Spielbericht

Pokal-Aus gegen Kiel: HSV rotiert sich ins Aus – Offensivproblem als Warnsignal vor dem Nordderby

Das war eine missglückte Generalprobe für das Nordderby gegen Werder – und mehr noch: Der HSV hat heute ein eigentlich sicheres Viertelfinale leichtfertig und selbstverschuldet…

Pokal-Aus gegen Kiel: HSV rotiert sich ins Aus – Offensivproblem als Warnsignal vor dem Nordderby

Das war eine missglückte Generalprobe für das Nordderby gegen Werder – und mehr noch: Der HSV hat heute ein eigentlich sicheres Viertelfinale leichtfertig und selbstverschuldet verschenkt, weil er schlicht zu wenig investiert, zu wenig riskiert und offensichtlich auch ein wenig zu viel rotiert hat. Einige Entscheidungen, die man nach diesem Auftritt hinterfragen muss, trugen wesentlich dazu bei, dass der HSV gegen Holstein Kiel mit 2:4 im Elfmeterschießen ausschied (1:1 n. V., 0:0 n. 90).

Denn neben der fehlenden Zielstrebigkeit war vor allem eines auffällig: Die Startelf wurde deutlich umgebaut. Ein riskantes Experiment, dass sich als zu riskant erwies. Denn es schadete dem Spielfluss, der defensiven Stabilität und am Ende dem gesamten Auftritt des Teams. In einem K.o.-Spiel um ein mögliches Viertelfinale war diese Form der Rotation fragwürdig.

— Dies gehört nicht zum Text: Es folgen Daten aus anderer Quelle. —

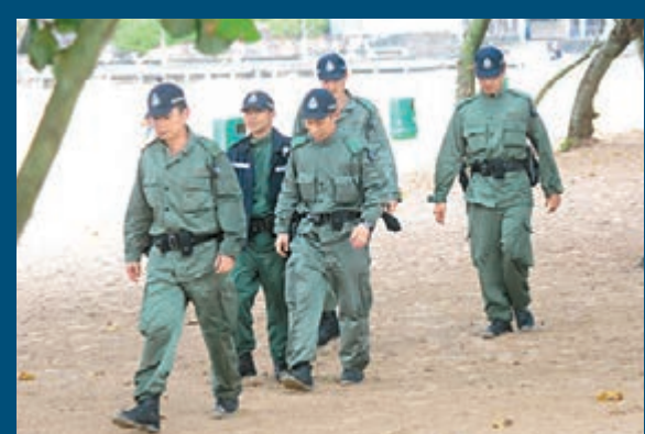
機動部隊警員增援到石澳搜捕疑人。
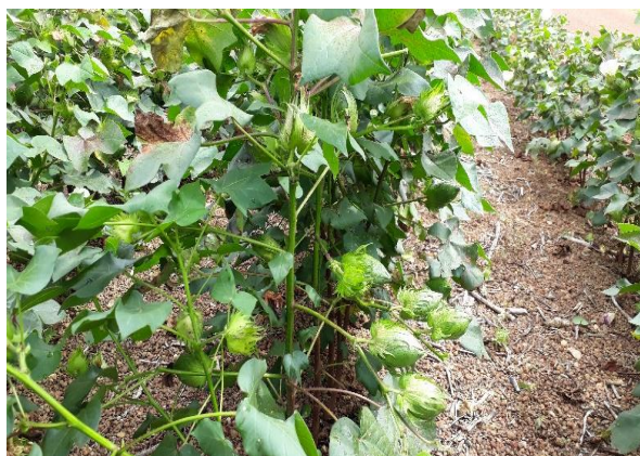
Fig. 1 – Região Luziânia, 1ª área plantada
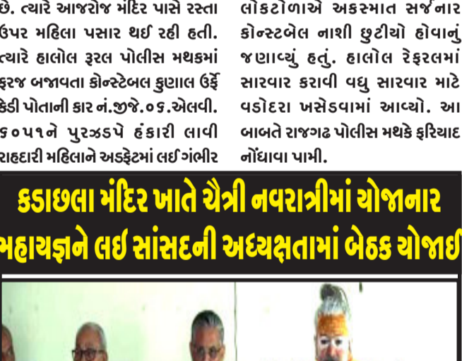
ગોધરા, ચૈત્રી નવરાત્રીમાં કડાછલા મંદિર ખાતે યોજાનાર ૧૦૦૮ અતિરૂઢ મહાયજ્ઞ અને સતચંદ્રી મહાયજ્ઞના આયોજન ભાગરૂપે સાંસદ રતનસિંહ રાહોડ નિવાસસ્થાને બેઠકનું આયોજન કર્યું. વિસ્તારની ધર્મપ્રિય જાહેર જનતા આ મહાયજ્ઞનો સૌથી વધુ લાભ પ્રાપ્ત કરે એ હેતુથી સાથી મિત્રો દ્વારા આગોતરૂ આયોજન કરવામાં આવ્યું હતું.

Gleichzeitig wurde erneut sichtbar, dass der HSV ein strukturelles Offensivproblem hat. Ohne klaren Mittelstürmer fehlte es über 120 Minuten an Strafraumpräsenz, Durchschlagskraft und zwingenden Aktionen. Gegen einen so tiefstehenden Gegner wie Kiel hätte der HSV offensiver spielen können – wenn nicht sogar müssen. Stattdessen blieb das Spiel über weite Strecken zahnlos. Und so kam es, wie es kommen musste: Kiel war zwar spielerisch unterlegen, hatte aber die deutlich besseren Torchancen – und am Ende den verdienten Sieg.

Kiel mit den besseren Möglichkeiten – der HSV wirkt planlos


Die 57.000 Zuschauer im ausverkauften Volksparkstadion sahen einen HSV, der sich vom ersten Moment an schwertat. Kiel profitierte von Abstimmungsproblemen und Leichtsinn in der neu formierten Hamburger Mannschaft. Adrian Kapralik vergab allein drei klare Chancen, Phil Harres scheiterte frei vor Daniel Peretz. Dass ein kriselnder Zweitligist in Hamburg derart viele Hochkaräter bekommt, ist Ausdruck der heute fehlenden Balance im HSV-Spiel – und der mutlosen Spielanlage.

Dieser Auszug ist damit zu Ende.